WHAT IS NEEDED:
Please give the records below again in full, exactly, with the images left out.

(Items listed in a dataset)
Segment Open

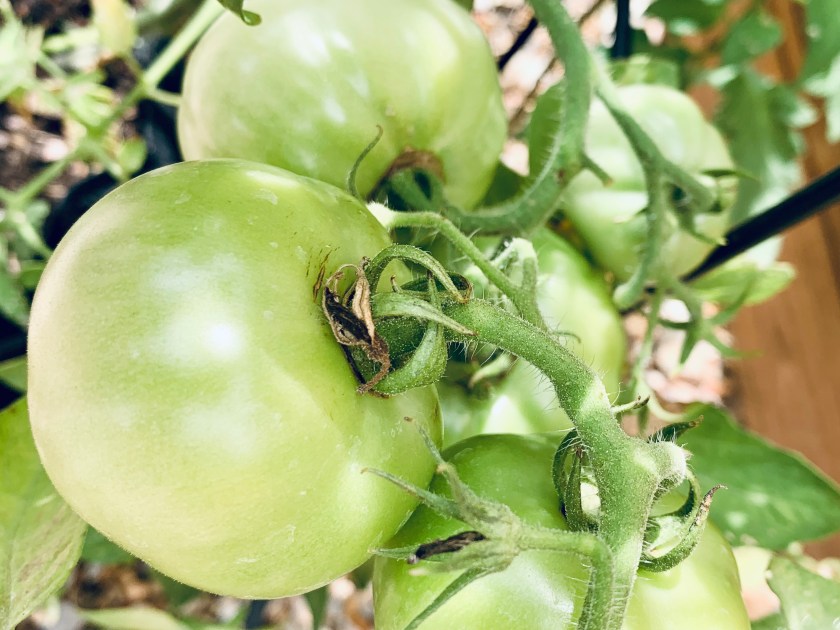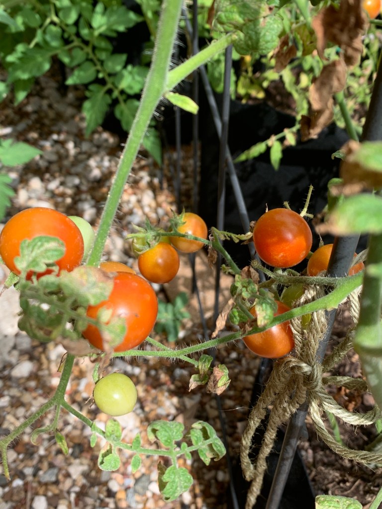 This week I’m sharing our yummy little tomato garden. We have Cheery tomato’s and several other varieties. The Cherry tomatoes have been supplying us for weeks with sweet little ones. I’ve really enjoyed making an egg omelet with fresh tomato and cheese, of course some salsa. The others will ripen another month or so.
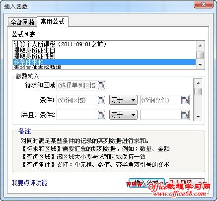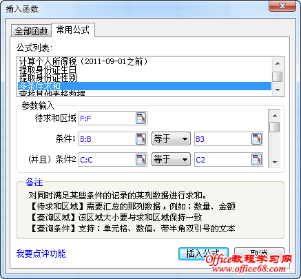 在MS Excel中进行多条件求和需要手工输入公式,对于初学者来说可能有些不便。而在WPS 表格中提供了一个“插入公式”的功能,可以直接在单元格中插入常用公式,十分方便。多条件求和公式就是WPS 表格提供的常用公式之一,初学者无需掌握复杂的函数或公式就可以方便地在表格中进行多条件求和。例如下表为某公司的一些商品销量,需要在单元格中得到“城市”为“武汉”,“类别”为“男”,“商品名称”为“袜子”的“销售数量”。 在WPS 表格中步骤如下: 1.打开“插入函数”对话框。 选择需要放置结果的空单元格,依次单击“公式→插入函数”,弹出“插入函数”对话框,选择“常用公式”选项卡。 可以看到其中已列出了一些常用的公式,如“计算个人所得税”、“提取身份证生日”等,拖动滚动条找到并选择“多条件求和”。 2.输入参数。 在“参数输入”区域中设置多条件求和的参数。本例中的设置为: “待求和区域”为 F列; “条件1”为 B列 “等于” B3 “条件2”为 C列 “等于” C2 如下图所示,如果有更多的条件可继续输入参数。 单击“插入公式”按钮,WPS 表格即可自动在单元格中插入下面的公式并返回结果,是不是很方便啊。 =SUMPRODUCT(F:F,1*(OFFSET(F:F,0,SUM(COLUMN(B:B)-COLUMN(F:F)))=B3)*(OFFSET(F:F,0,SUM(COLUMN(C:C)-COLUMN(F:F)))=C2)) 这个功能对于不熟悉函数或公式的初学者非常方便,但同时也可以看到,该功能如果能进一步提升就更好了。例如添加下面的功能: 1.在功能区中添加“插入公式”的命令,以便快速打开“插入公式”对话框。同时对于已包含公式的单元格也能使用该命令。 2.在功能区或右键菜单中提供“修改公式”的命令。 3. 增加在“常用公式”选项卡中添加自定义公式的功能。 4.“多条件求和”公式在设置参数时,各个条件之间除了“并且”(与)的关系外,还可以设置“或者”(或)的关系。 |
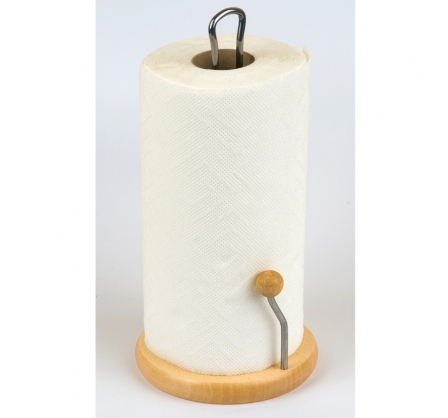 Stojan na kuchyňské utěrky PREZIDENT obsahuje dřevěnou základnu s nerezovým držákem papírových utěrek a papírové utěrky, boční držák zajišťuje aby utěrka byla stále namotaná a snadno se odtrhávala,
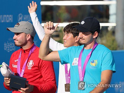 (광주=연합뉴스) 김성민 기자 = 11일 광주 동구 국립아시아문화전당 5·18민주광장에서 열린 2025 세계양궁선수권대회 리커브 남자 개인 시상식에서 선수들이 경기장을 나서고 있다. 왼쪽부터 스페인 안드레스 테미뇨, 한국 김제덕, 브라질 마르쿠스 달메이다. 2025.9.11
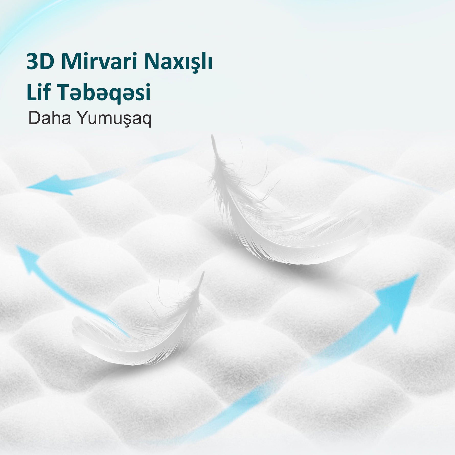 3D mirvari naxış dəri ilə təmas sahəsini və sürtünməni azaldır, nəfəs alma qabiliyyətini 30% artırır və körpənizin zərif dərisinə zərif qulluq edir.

Segment Closed

YOUR SOLUTION:
 This week I’m sharing our yummy little tomato garden. We have Cheery tomato’s and several other varieties. The Cherry tomatoes have been supplying us for weeks with sweet little ones. I’ve really enjoyed making an egg omelet with fresh tomato and cheese, of course some salsa. The others will ripen another month or so.
 在MS Excel中进行多条件求和需要手工输入公式,对于初学者来说可能有些不便。而在WPS 表格中提供了一个“插入公式”的功能,可以直接在单元格中插入常用公式,十分方便。多条件求和公式就是WPS 表格提供的常用公式之一,初学者无需掌握复杂的函数或公式就可以方便地在表格中进行多条件求和。例如下表为某公司的一些商品销量,需要在单元格中得到“城市”为“武汉”,“类别”为“男”,“商品名称”为“袜子”的“销售数量”。 在WPS 表格中步骤如下: 1.打开“插入函数”对话框。 选择需要放置结果的空单元格,依次单击“公式→插入函数”,弹出“插入函数”对话框,选择“常用公式”选项卡。 可以看到其中已列出了一些常用的公式,如“计算个人所得税”、“提取身份证生日”等,拖动滚动条找到并选择“多条件求和”。 2.输入参数。 在“参数输入”区域中设置多条件求和的参数。本例中的设置为: “待求和区域”为 F列; “条件1”为 B列 “等于” B3 “条件2”为 C列 “等于” C2 如下图所示,如果有更多的条件可继续输入参数。 单击“插入公式”按钮,WPS 表格即可自动在单元格中插入下面的公式并返回结果,是不是很方便啊。 =SUMPRODUCT(F:F,1*(OFFSET(F:F,0,SUM(COLUMN(B:B)-COLUMN(F:F)))=B3)*(OFFSET(F:F,0,SUM(COLUMN(C:C)-COLUMN(F:F)))=C2)) 这个功能对于不熟悉函数或公式的初学者非常方便,但同时也可以看到,该功能如果能进一步提升就更好了。例如添加下面的功能: 1.在功能区中添加“插入公式”的命令,以便快速打开“插入公式”对话框。同时对于已包含公式的单元格也能使用该命令。 2.在功能区或右键菜单中提供“修改公式”的命令。 3. 增加在“常用公式”选项卡中添加自定义公式的功能。 4.“多条件求和”公式在设置参数时,各个条件之间除了“并且”(与)的关系外,还可以设置“或者”(或)的关系。 |
 Stojan na kuchyňské utěrky PREZIDENT obsahuje dřevěnou základnu s nerezovým držákem papírových utěrek a papírové utěrky, boční držák zajišťuje aby utěrka byla stále namotaná a snadno se odtrhávala,
 (광주=연합뉴스) 김성민 기자 = 11일 광주 동구 국립아시아문화전당 5·18민주광장에서 열린 2025 세계양궁선수권대회 리커브 남자 개인 시상식에서 선수들이 경기장을 나서고 있다. 왼쪽부터 스페인 안드레스 테미뇨, 한국 김제덕, 브라질 마르쿠스 달메이다. 2025.9.11
 3D mirvari naxış dəri ilə təmas sahəsini və sürtünməni azaldır, nəfəs alma qabiliyyətini 30% artırır və körpənizin zərif dərisinə zərif qulluq edir.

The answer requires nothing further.